India Defies Oil Shock, Projects 6.8%–7.1% Growth In FY27 Amid Global Turmoil

India is demonstrating remarkable resilience in the face of global turbulence, with SBI Research projecting GDP growth in the range of 6.8% to 7.1% for FY27 despite the oil shock and ongoing conflict in West Asia.
The report emphasises that India is entering this phase from a position of strength, having recorded 7.6% growth in FY26, echoing its robust performance during the Russia–Ukraine crisis when expansion exceeded 9%.
This resilience is underpinned by a strong banking sector and a relatively stable macroeconomic backdrop, though risks such as a potential Super El Niño could cloud growth prospects. Inflation is expected to average 4.5%, while the fiscal deficit is pegged at 4.5–4.6%, with calls for a comprehensive package to support the Balance of Payments and stabilise the rupee.
The report draws a sharp contrast with historical oil shocks that pushed the US economy into recession. This time, the US is cushioned by energy self-sufficiency and substantial tax refunds to households, ensuring higher energy spending remains domestic.
For India, however, the conflict has created multiple layers of headwinds, affecting agriculture, MSMEs, consumption, and global supply chains. Yet, SBI Research identifies green shoots that could allow India to reposition itself within global value chains.
One such opportunity lies in the financial sector. With Dubai and Abu Dhabi facing uncertainty due to escalating tensions, global investors and NRIs are reassessing their concentrated exposure to these hubs.
This presents a strategic opening for IFSC GIFT City to emerge as a stable global financial destination. Similarly, disruptions in Middle Eastern airspace are creating risks for traditional transit routes, offering Indian and Chinese airports the chance to position themselves as alternative hubs. Realising this potential, however, will require significant investments in airport infrastructure, connectivity, and passenger experience.
On monetary policy, the report notes that many central banks, both developed and emerging, paused in 2026 after rate cuts in 2025. They are now reassessing their paths in light of the war in West Asia and domestic macroeconomic constraints.
For the Reserve Bank of India, the growth–inflation paradox leaves little room for manoeuvre, suggesting a continuation of the status quo until the full impact of the conflict and evolving climate patterns becomes clearer. This implies a “lower for longer” regime in monetary settings.

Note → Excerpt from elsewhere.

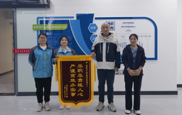 10月15日,鶴壁市淇濱區(qū)鉑金翰宮物業(yè)公司將一面印有“盡職盡責暖人心 嚴謹高效辦實事”的錦旗送至市產(chǎn)品質(zhì)量檢驗檢測中心,對我中心技術(shù)人員嚴謹?shù)墓ぷ髯黠L、優(yōu)質(zhì)的服務態(tài)度以及專業(yè)的技術(shù)能力表達誠摯的謝意。

Despite the multiple vortexes of global headwinds, India’s economic trajectory remains firm. SBI Research underscores that the country’s ability to withstand shocks and leverage emerging opportunities in finance and aviation demonstrates its resilience and adaptability.
The projection of 6.8%–7.1% growth for FY27, even amid uncertainty, highlights India’s capacity to defy global pressures and sustain momentum.